(What the task asks) Restate the data exactly as given and keep the pictures out.

(Supplied material)
-- Opening Marker --
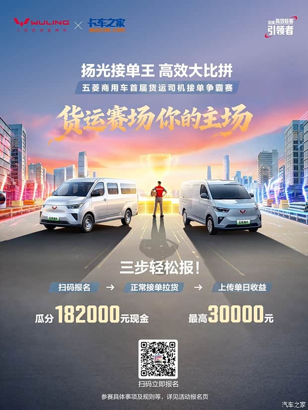 货运赛场,上场即主场! 沉淀多年的货运实力,是时候上场秀一把了! 所有品牌司机均可参赛! 五菱商用车首届货运司机接单争霸赛 招募正火热进行中 182000元现金奖池,最高30000元! 三步轻松报,接单就能赢大奖! 参赛具体事项及规则等详见活动报名页面
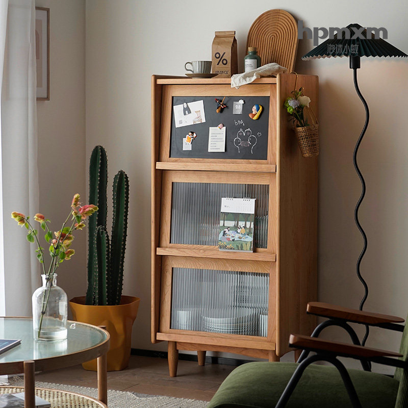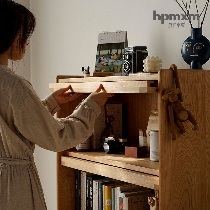Nordic Solid Wood Bookcase Living Room Small House Cherry Wood Magazine Cabinet
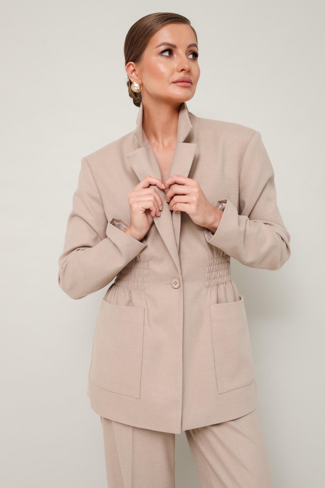 Жакет полуприлегающего силуэта, с центральной застежкой на петлю и пуговицу. Воротник пиджачного типа с отложными лацканами. По линии талии обработана широкая резинка. Спереди – накладные карманы. Рукава втачные двухшовные. Средний шов по спинке. Изделие на подкладке.
-- Closing Marker --
(Exercise output)
 货运赛场,上场即主场! 沉淀多年的货运实力,是时候上场秀一把了! 所有品牌司机均可参赛! 五菱商用车首届货运司机接单争霸赛 招募正火热进行中 182000元现金奖池,最高30000元! 三步轻松报,接单就能赢大奖! 参赛具体事项及规则等详见活动报名页面
Nordic Solid Wood Bookcase Living Room Small House Cherry Wood Magazine Cabinet
 Жакет полуприлегающего силуэта, с центральной застежкой на петлю и пуговицу. Воротник пиджачного типа с отложными лацканами. По линии талии обработана широкая резинка. Спереди – накладные карманы. Рукава втачные двухшовные. Средний шов по спинке. Изделие на подкладке.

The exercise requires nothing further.